Sequence of PBS movements to retrieve a load with one escort. Source: Authors’ own creation
Sequence of PBS movements to retrieve a load with one escort. Source: Authors’ own creation
Arriving loads access the PBS via a set of predefined input point(s) and depart the PBS through a set of predefined output point(s), which may not coincide. As expected, the I/O point(s) in the PBS must be on the edge of the PBS grid. Unlike most storage systems that have predefined aisles, PBS achieve very high-density by being aisle-less. In general, aisles in storage systems are undesirable as nothing may be stored in them. Aisles in traditional storage systems occupy approximately 35% of all the area available for storage (Gue, 2006). In PBS, the escorts may be conceived as movable aisles.
PBS may be controlled by centralized or decentralized control systems. Centralized control PBS require that each cell is connected to a central computer to make decisions considering all the information in the PBS. On the other hand, decentralized control PBS operate by allowing cells to communicate and negotiate as agents with neighboring cells. Centralized control PBS are able to determine optimal control strategies for PBS, at the expense of demanding intensive computing power with efficient algorithms and requiring interconnectivity with all cells. In contrast, decentralized control systems do not require as much computation power and limit information exchange to be on-demand and with neighboring cells. In general, centralized control PBS need to be hardwired and are limited to simpler scenarios (e.g. low-throughput systems with fewer I/O points), whereas decentralized control PBS allow plug-and-play functionality and are scalable to more complex scenarios (e.g. high-throughput systems with multiple I/O points).

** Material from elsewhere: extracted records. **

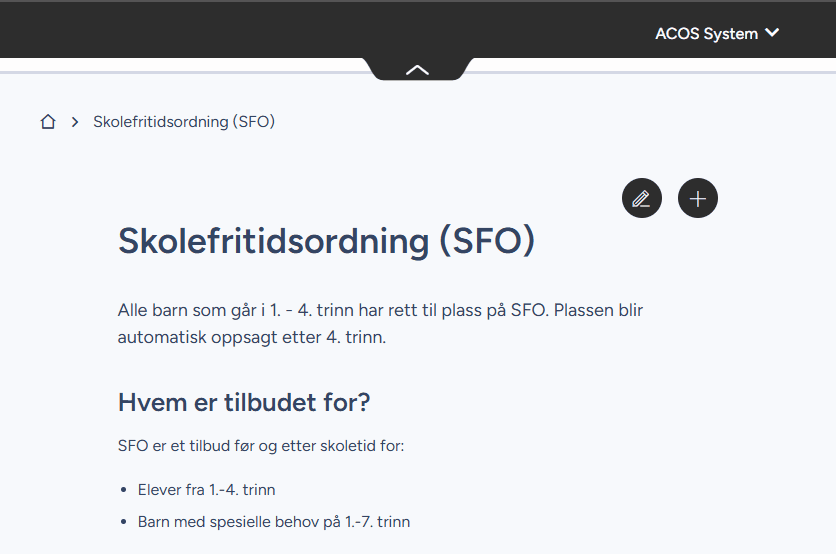 Premiummodulene i ACOS CMSVis innhold på smarte måter med premium-modulene. I premiumpakken:Brutte lenkerDirekteredigeringDokumentleserFiltervisningNabolagetTidslinjeVeiviserFå tilbud på tilleggsmodulene Brutte lenkerFanger automatisk opp brutte lenker på nettstedet ditt, slik at du kan rette dem før brukerne møter feil.Brutte lenkerKlikk for stort bildeDirekteredigeringLar deg redigere innhold direkte på nettsiden uten å gå via redigeringsvisning i CMS.Klikk for stort bilde DirekteredigeringDokumentleserViser dokumenter direkte på nettsiden som er universelt utformet, og lar brukerne laste dem ned som PDF. DokumentleserSe dokumentleser i bruk hos Horten kommuneFiltervisningHjelper brukerne å finne riktig innhold raskere ved å filtrere lister etter relevante valg.FiltervisningKlikk for stort bildeSe filtervisningen i bruk hos Haugesund kommuneNabolaget mittTilpasser innhold basert på hvor brukeren bor, slik at de får informasjon som er relevant for sitt nærområde.Nabolaget mittMeld feil - Bjørnafjorden kommuneTidslinjePresenterer hendelser, prosesser eller historikk visuelt i kronologisk rekkefølge.TidslinjeKlikk for stort bildeSe tidslinje i bruk hos Bodø kommuneVeiviserGuider brukeren steg for steg til riktig svar eller tjeneste basert på deres situasjon.Veiviser Tilbud
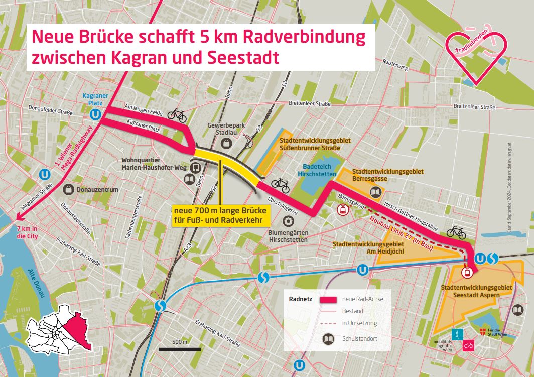 Die neue Verbindung ist auf einer Länge von 700 Metern neben der bestehenden Brücke der Straßenbahnlinie 26 geplant. Die Brücke wird einen durchgängig 4,5 Meter breiten Fuß- und Radweg aufweisen. Dadurch entsteht eine neue direkte Querverbindung für Radfahrer und Fußgänger durch die Donaustadt – vom Kagraner Platz bis zur Seestadt. Eine langjährige Forderung der Bürger im Bezirk, betonte auch Bezirksvorsteher Ernst Nevrivy (SPÖ).
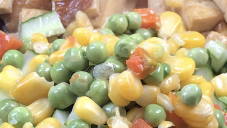 10. 加入洋葱、黄瓜和三色丁翻炒均匀至入味,出锅前加入味精调味
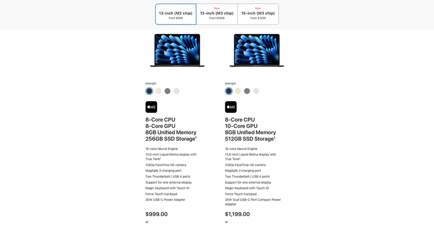 Obecnie najtańszym laptopem Apple jest zeszłoroczny 13-calowy MacBook Air z układem M2. Firma utrzymała urządzenie w sprzedaży, ale obniżyła cenę. Podstawowa wersja kosztuje 999 dolarów.
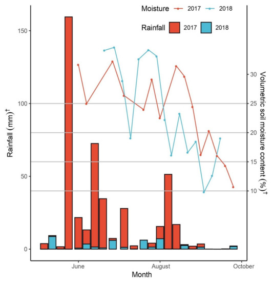 Rainfall (mm) and volumetric soil moisture content (%) situations at Shangzhuang Agricultural Research Station, Beijing, China for the study carried out consecutively in 2017 and 2018 from May to October. † Left and right axes have different scales.
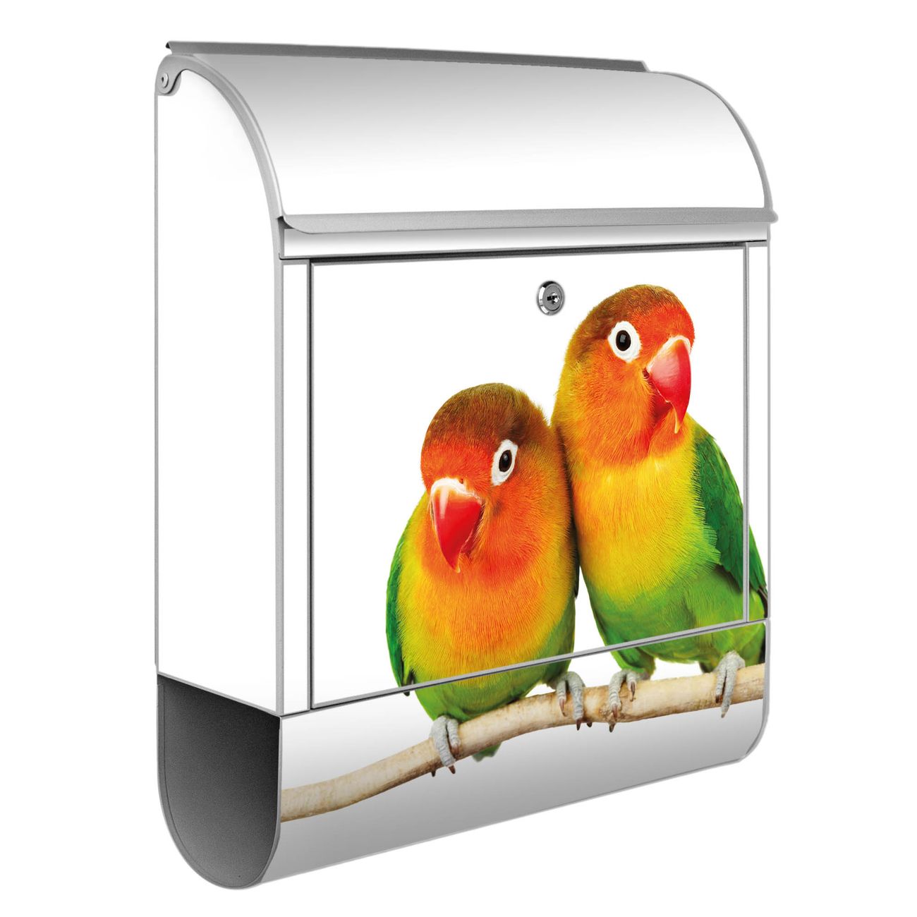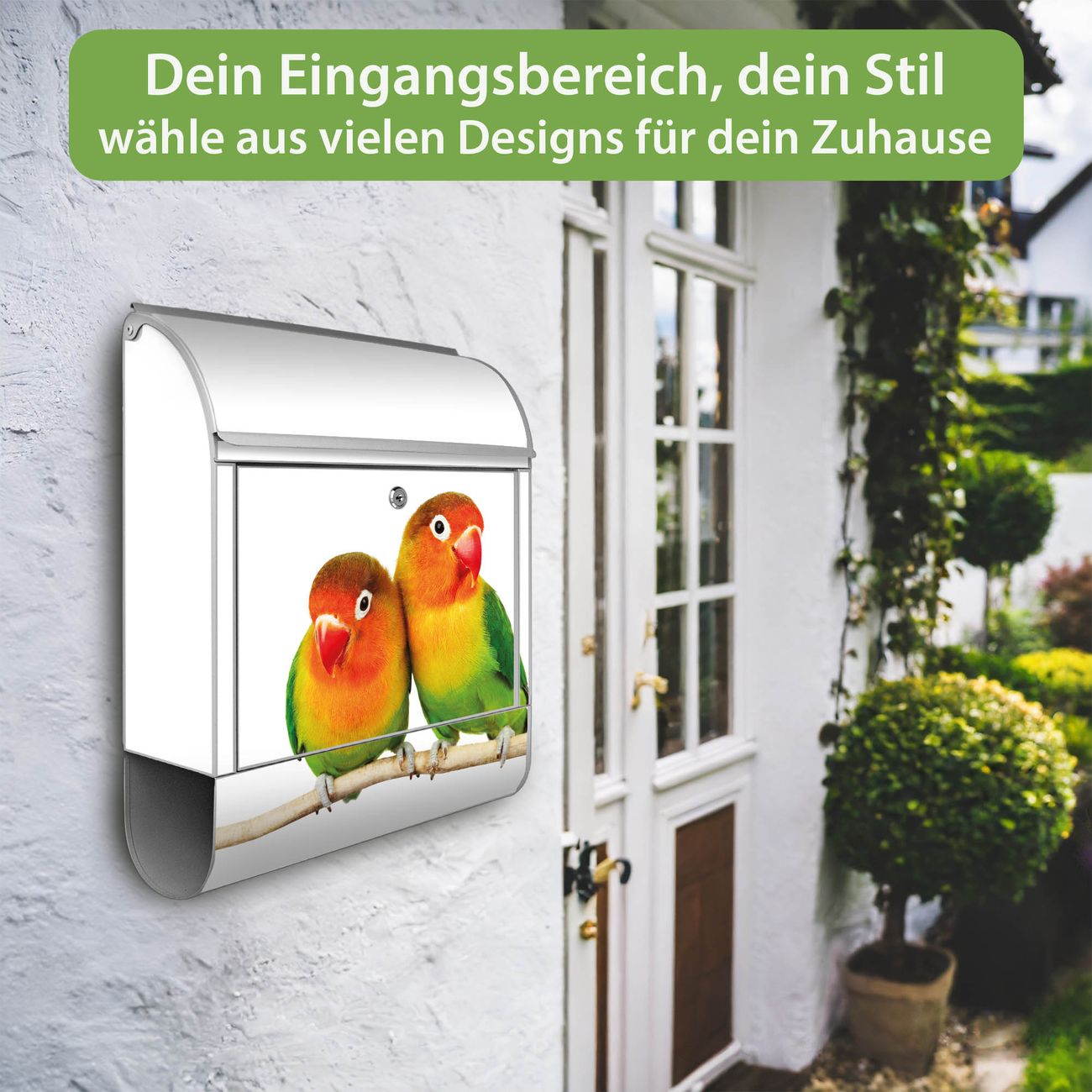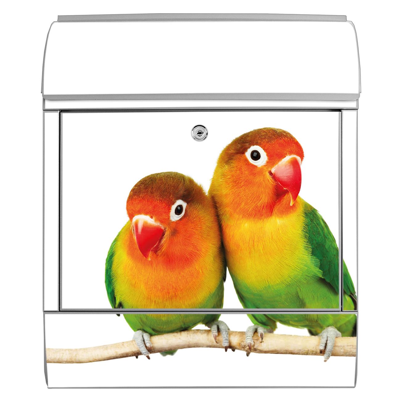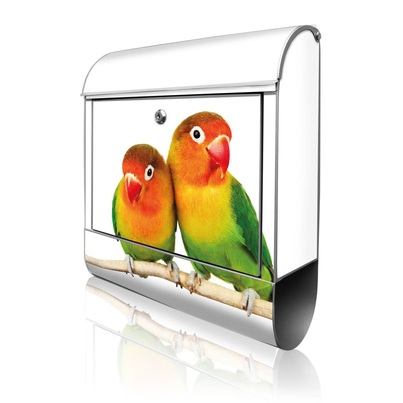 DESIGN: Der Postkasten mit Motiv Motiv Papageien hat ein sehr ansprechendes und ausgefallenes Design, damit entlocken Sie Ihren Nachbarn und dem Postboten ein Lächeln. Heben Sie Sich von der tristen grauen Masse ab, ohne auf Funktionalität zu verzichten. DETAILS: Der Postkasten besteht aus pulverbeschichtetem Stahl. Er ist 38x46x12,5cm groß. Das Motiv besteht aus einer wetter- und UV-resistenten Folie, die mit einem Schutzlaminat überzogen ist, sodass der Briefkasten zusätzlich vor Kratzern geschützt ist. Der Briefkasten wird mit Montagematerial, zusätzlich zwei Schlüssel sowie einer Bohrschablone geliefert. NUTZEN: Sie können diesen Briefkasten sowohl als Wandbriefkasten montieren oder einen passenden Ständer kaufen und als Standbriefkasten einbetonieren. Die Größe bietet genügend Platz für Sendungen aller Art, der Einwurf fasst auch größere A4 Sendungen. BANJADO: Ihr Briefkasten wird in Sachsen in einer kleinen Manufaktur von Hand veredelt. Die Motivfolie ist lösungsmittelfrei und schutzlaminiert für einen langen Halt. Wir legen großen Wert auf die Verbindung von Funktionalität und Design. Sie erhalten Handarbeit aus Sachsen.
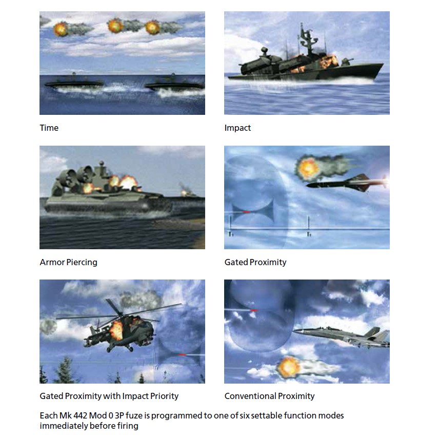 Ήδη από το 2006, τη στάνταρ επιλογή των χρηστών, αποτελούν τα πυρομαχικά Mk295 Mod0 3P-HE, πιο απλά 3P, της BAE Systems, με εμβέλεια 17 χιλιόμετρα. Ο πυροσωλήνας του βλήματος έχει έξι επιλογές προγραμματισμού, που επιλέγονται χιλιοστά του δευτερολέπτου πριν πυροδοτηθει το βλήμα, καθώς δέχεται διαρκώς δεδομένα από το σύστημα ελέγχου πυρός του πλοίου, ανάλογα την απειλή. Το 3P έχει λειτουργία AirBurst, κατά την οποία απελευθερώνει πάνω από 8.000 θραύσματα Βολφραμίου, καλύπτοντας επιφάνεια τετρακοσίων τετραγωνικών μέτρων.
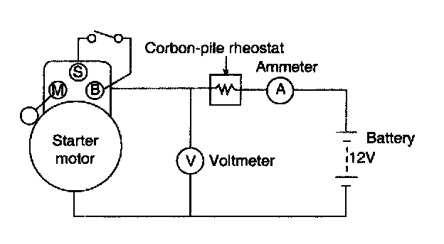 2. After adjusting the rheostat until the battery voltage shown on the voltmeter reads 11.5 volts, confirm that the maximum amperage draw is within the specifications and that the starter motor turns smoothly and freely.
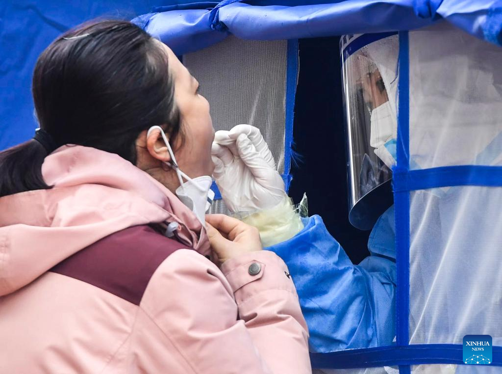 A medical worker takes a swab sample from a resident for nucleic acid test at a COVID-19 testing site in Changchun, northeast China's Jilin Province, March 24, 2022. (Xinhua/Zhang Jian)
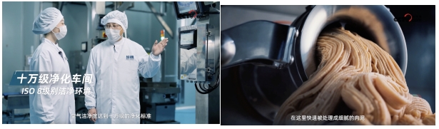 跟随镜头进入鲜朗的十万级净化车间,这里温度严格管控,当日送达的鲜肉在这里被迅速处理为细腻肉泥。整个流程对温度与时间的把控近乎苛刻,只为最大程度保留原料的新鲜与稳定。
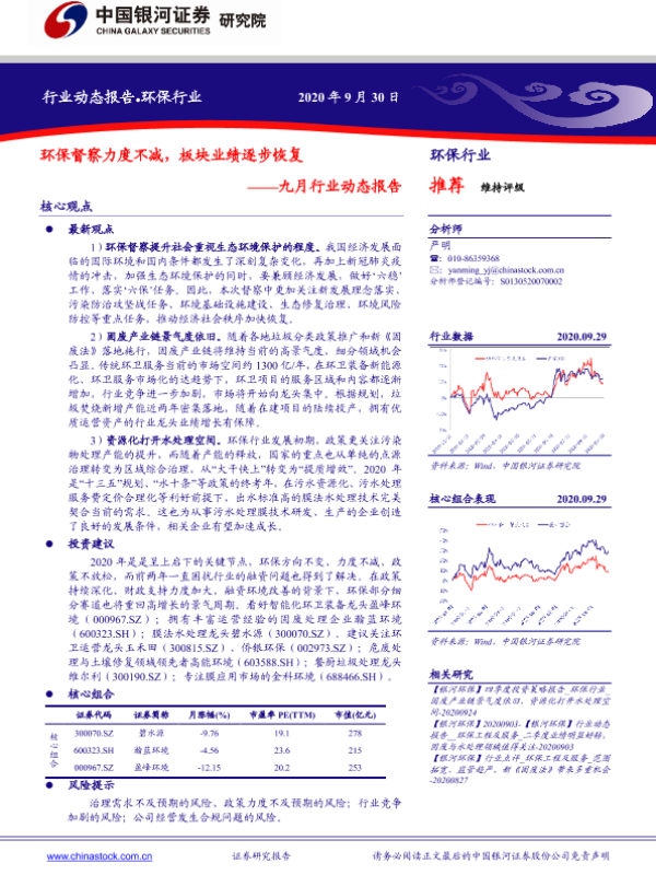 【银河证券】【20200930】环保行业九月行业动态报告:环保督察力度不减,板块业绩逐步恢复-21页 行业研究
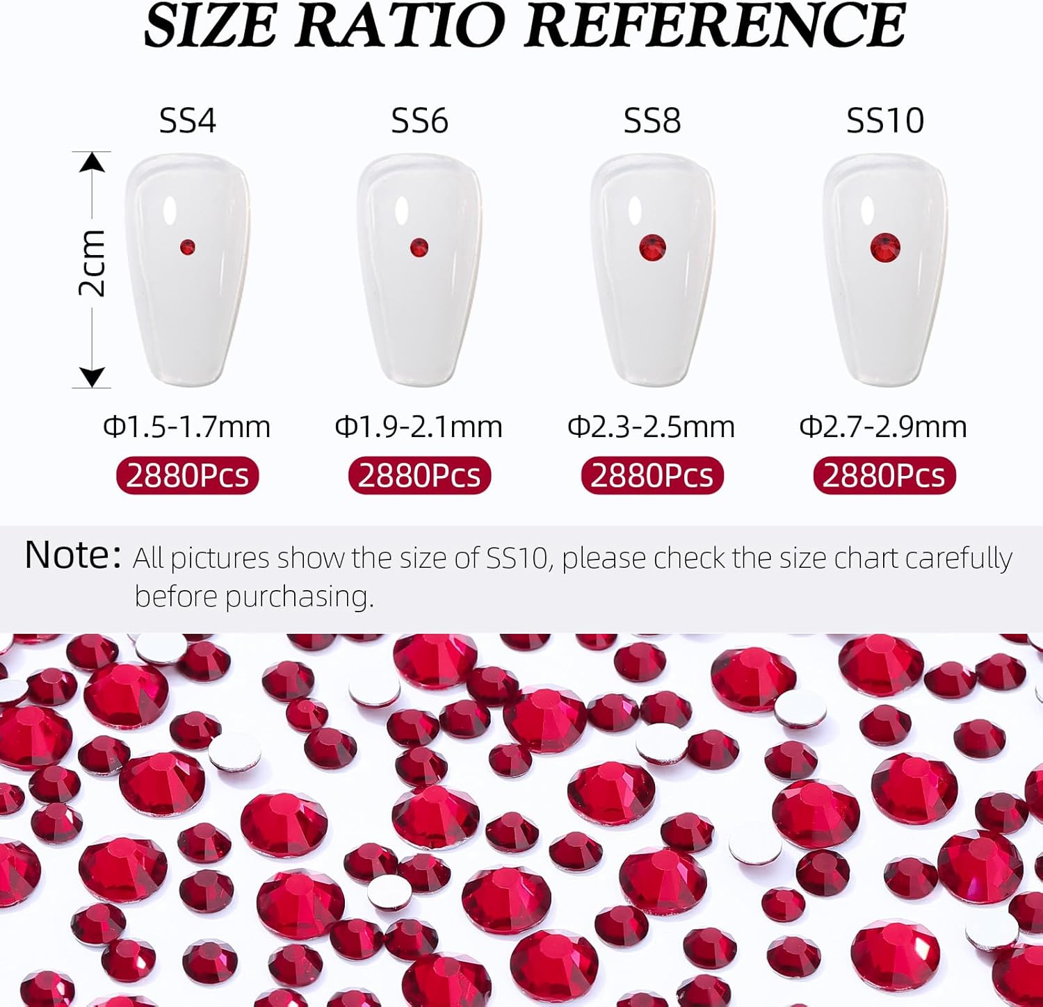 Siam Flatback Rhinestones, Glass Rhinestones for Nail Art and Craft, Glue Fix, Loose Crystal Gemstones(Siam, SS4, 2880pcs, 1.5-1.7mm)
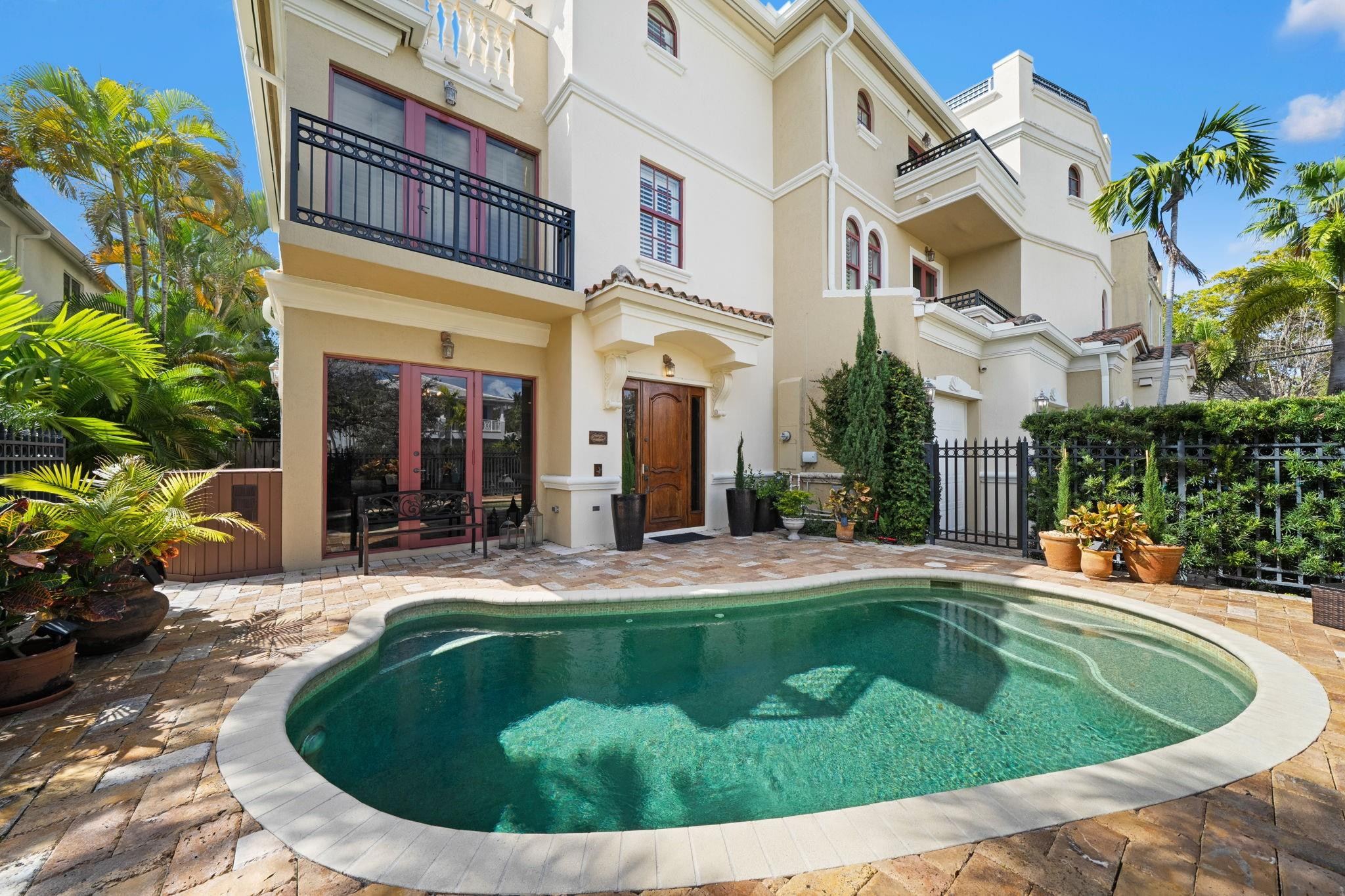 THIS IS IT! The PERFECT Victoria Park Location on a Quiet Tree Lined Interior Street! Huge Corner Townhouse with Two Car Garage, Large Pool and Outdoor Space. First Floor Living Areas with Vaulted Ceilings and Marble Floors, Large Living and Dining, Gas Cooking, Subzero Oversized Fridge, Large Island, Pantry, Powder Room and Interior Elevator Connecting to all Three Floors. Iron Staircase leads up Primary Suite with Terrace, Huge Walk-in Closet, Spa Like Bath, Guest Room with Ensuite Marble Bath and Terrace, and Laundry Conveniently Located on the Second Floor. The Third Floor Opens to a Large Flex Space for Family Room AND Office, Huge Terrace Overlooking the Skyline of Downtown Fort Lauderdale, And a Third Guest Suite, with Large Walkin Closet, Guest Bath and Private Terrace! Come See!

The main implementation challenge for PBS is the investment (capital) cost. It is observed that reducing the number of pop-up conveyors would simultaneously reduce the investment cost and operational complexity of PBS, at the expense of a lower system throughput. Interestingly, the cost ratio between unidimensional and bidimensional cells is approximately 2:5 (K. Furmans, private communication, June 21, 2023). Hence, this study challenges the premise that every cell in a PBS must have a pop-up conveyor. The tradeoff of eliminating a pop-up conveyor is that load movements would be limited to one dimension (horizontally or vertically), which could affect the expected retrieval time for a load. Cells without a pop-up conveyor are hereafter referred to as unidimensional cells since movements are limited to bidirectional travel in only one dimension. A PBS that includes unidimensional cells is henceforth termed unidimensional PBS (UPBS).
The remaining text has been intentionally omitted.